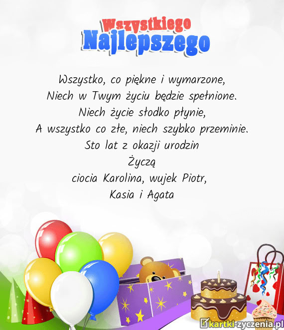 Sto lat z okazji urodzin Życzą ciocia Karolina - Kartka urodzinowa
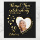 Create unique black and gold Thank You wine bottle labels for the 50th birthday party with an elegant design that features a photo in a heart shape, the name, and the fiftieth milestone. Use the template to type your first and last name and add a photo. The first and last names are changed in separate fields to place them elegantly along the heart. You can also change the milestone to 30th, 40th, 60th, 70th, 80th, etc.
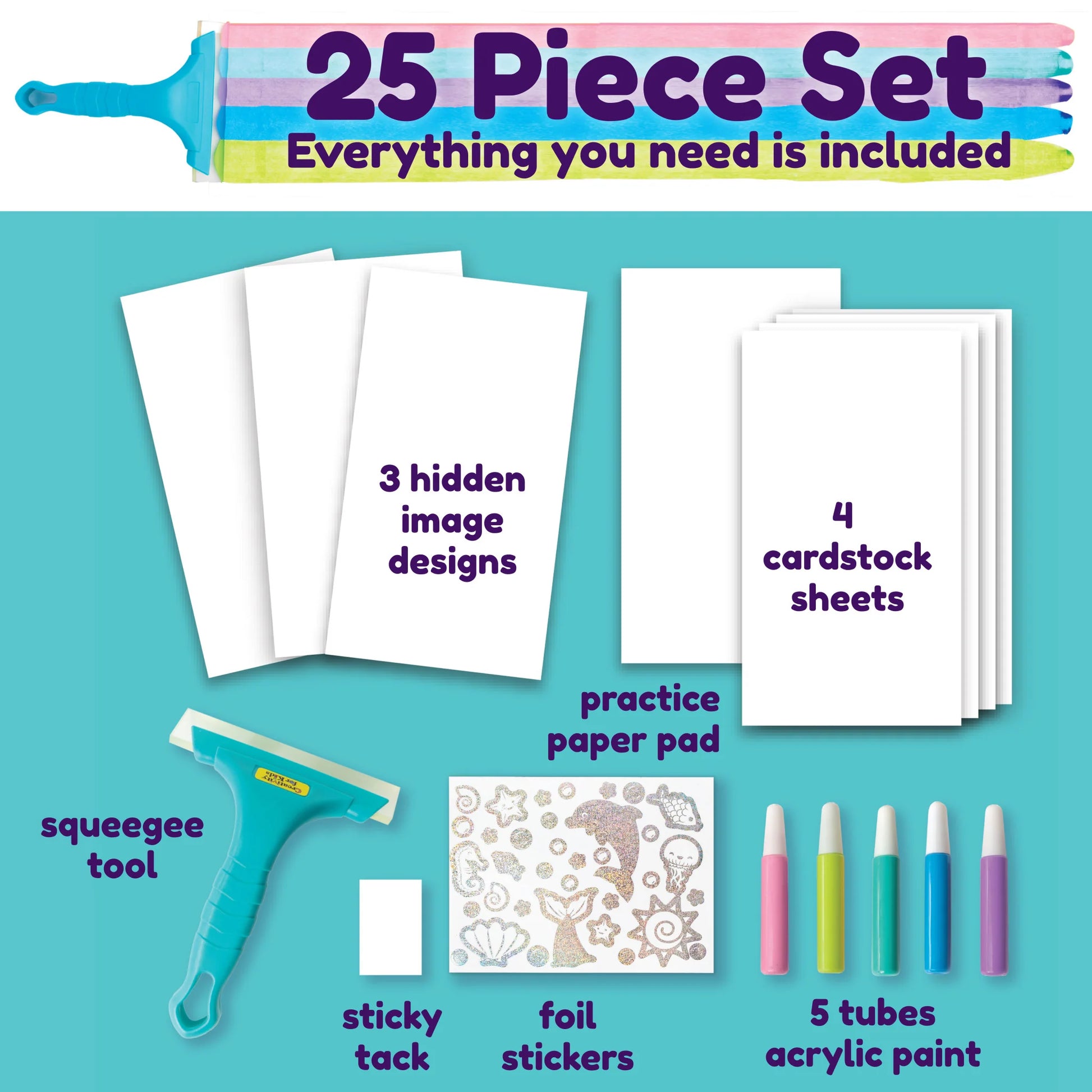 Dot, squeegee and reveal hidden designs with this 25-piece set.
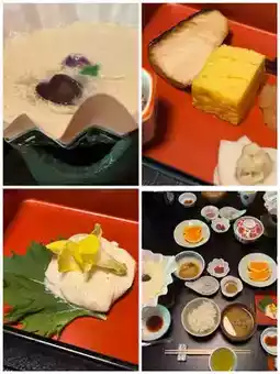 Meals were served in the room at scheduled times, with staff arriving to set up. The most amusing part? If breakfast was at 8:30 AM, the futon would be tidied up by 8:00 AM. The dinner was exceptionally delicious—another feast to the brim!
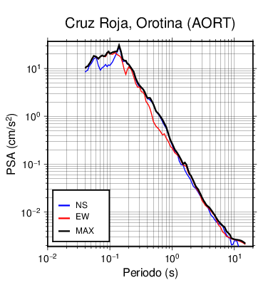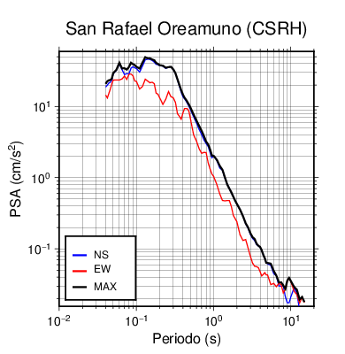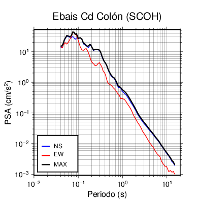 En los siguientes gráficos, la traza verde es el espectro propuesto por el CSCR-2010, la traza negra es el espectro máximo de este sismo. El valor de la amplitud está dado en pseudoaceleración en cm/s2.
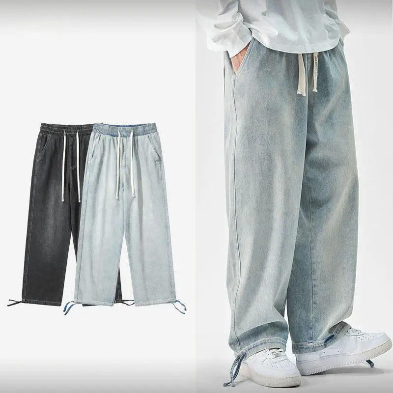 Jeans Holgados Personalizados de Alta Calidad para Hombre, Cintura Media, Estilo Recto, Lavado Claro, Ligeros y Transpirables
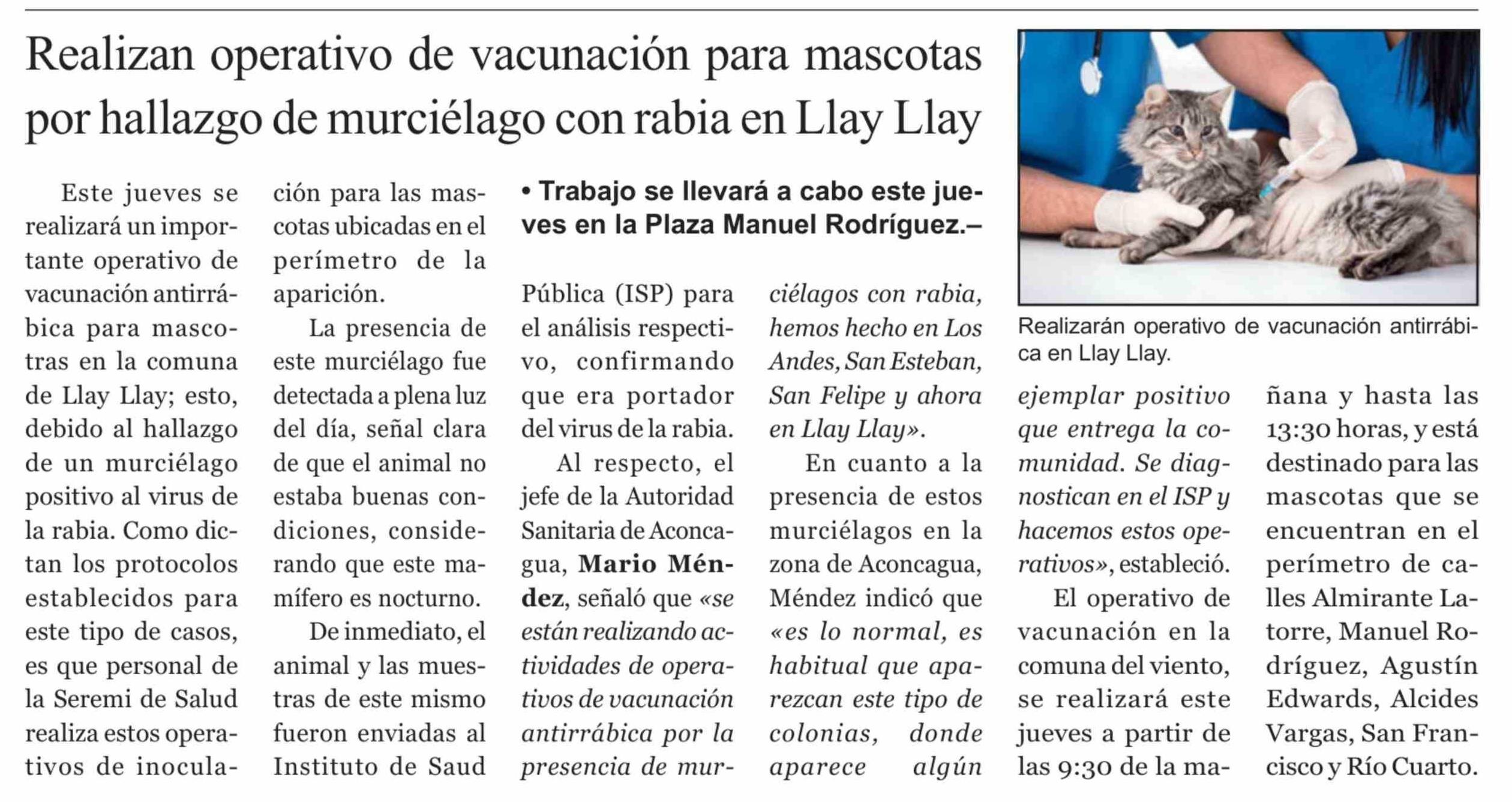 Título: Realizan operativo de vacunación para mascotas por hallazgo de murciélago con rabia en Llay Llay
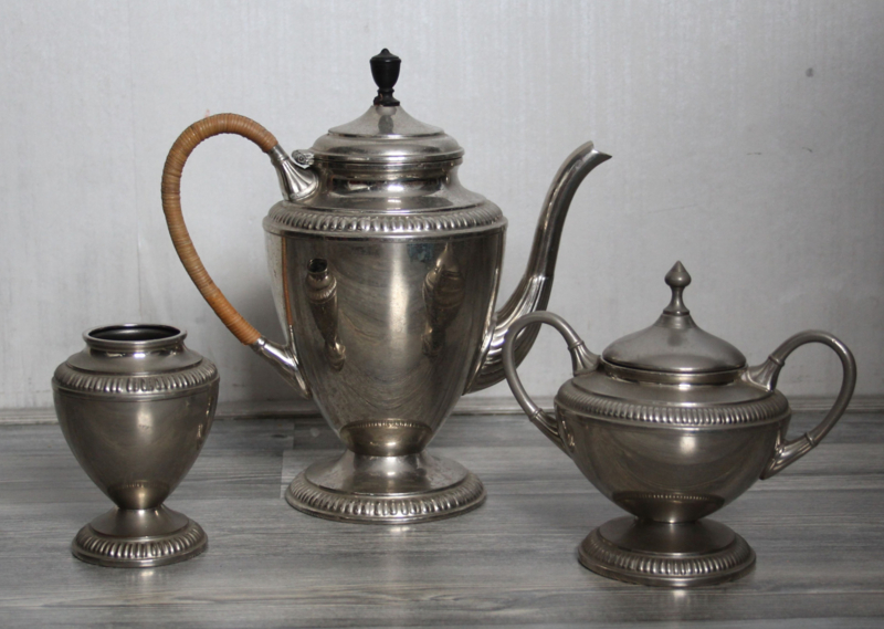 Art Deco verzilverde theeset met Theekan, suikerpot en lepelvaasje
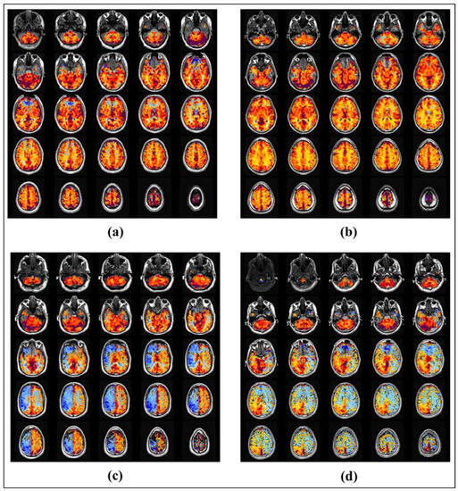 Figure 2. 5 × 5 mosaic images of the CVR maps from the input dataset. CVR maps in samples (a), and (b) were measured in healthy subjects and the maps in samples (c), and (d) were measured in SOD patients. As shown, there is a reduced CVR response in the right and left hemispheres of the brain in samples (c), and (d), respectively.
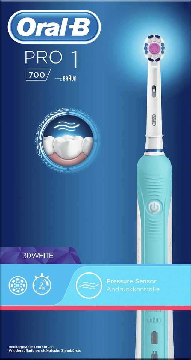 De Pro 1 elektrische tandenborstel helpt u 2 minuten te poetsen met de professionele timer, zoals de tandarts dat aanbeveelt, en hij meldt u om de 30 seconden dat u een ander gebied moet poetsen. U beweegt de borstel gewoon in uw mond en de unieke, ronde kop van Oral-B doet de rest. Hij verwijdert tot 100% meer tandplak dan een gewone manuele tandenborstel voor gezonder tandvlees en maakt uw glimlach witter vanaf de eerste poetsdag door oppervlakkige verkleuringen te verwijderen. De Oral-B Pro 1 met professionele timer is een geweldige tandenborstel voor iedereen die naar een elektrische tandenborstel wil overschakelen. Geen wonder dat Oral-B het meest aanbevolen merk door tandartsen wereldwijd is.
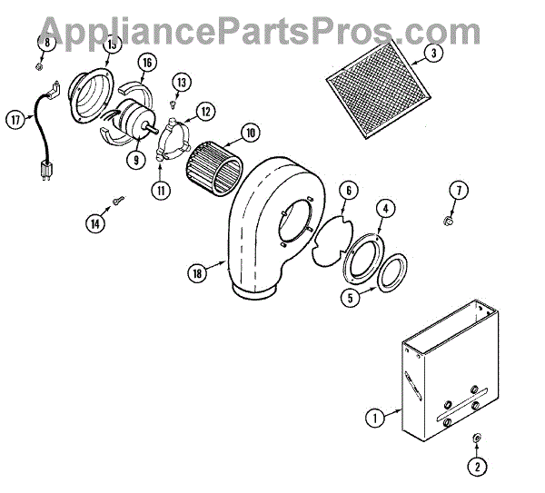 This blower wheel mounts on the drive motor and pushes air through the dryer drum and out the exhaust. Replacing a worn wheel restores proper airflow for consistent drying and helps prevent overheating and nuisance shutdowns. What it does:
--------------------------------------------------
== What you should do ==
Reproduce, without alteration and without pictures, only those lines that lie between the first line of the entries above and the line containing "Figure 2. 5", both of them included.

== Task result ==
 Sto lat z okazji urodzin Życzą ciocia Karolina - Kartka urodzinowa
 Create unique black and gold Thank You wine bottle labels for the 50th birthday party with an elegant design that features a photo in a heart shape, the name, and the fiftieth milestone. Use the template to type your first and last name and add a photo. The first and last names are changed in separate fields to place them elegantly along the heart. You can also change the milestone to 30th, 40th, 60th, 70th, 80th, etc.
 Dot, squeegee and reveal hidden designs with this 25-piece set.
 Meals were served in the room at scheduled times, with staff arriving to set up. The most amusing part? If breakfast was at 8:30 AM, the futon would be tidied up by 8:00 AM. The dinner was exceptionally delicious—another feast to the brim!
 En los siguientes gráficos, la traza verde es el espectro propuesto por el CSCR-2010, la traza negra es el espectro máximo de este sismo. El valor de la amplitud está dado en pseudoaceleración en cm/s2.
 Jeans Holgados Personalizados de Alta Calidad para Hombre, Cintura Media, Estilo Recto, Lavado Claro, Ligeros y Transpirables
 Título: Realizan operativo de vacunación para mascotas por hallazgo de murciélago con rabia en Llay Llay
 Art Deco verzilverde theeset met Theekan, suikerpot en lepelvaasje
 Figure 2. 5 × 5 mosaic images of the CVR maps from the input dataset. CVR maps in samples (a), and (b) were measured in healthy subjects and the maps in samples (c), and (d) were measured in SOD patients. As shown, there is a reduced CVR response in the right and left hemispheres of the brain in samples (c), and (d), respectively.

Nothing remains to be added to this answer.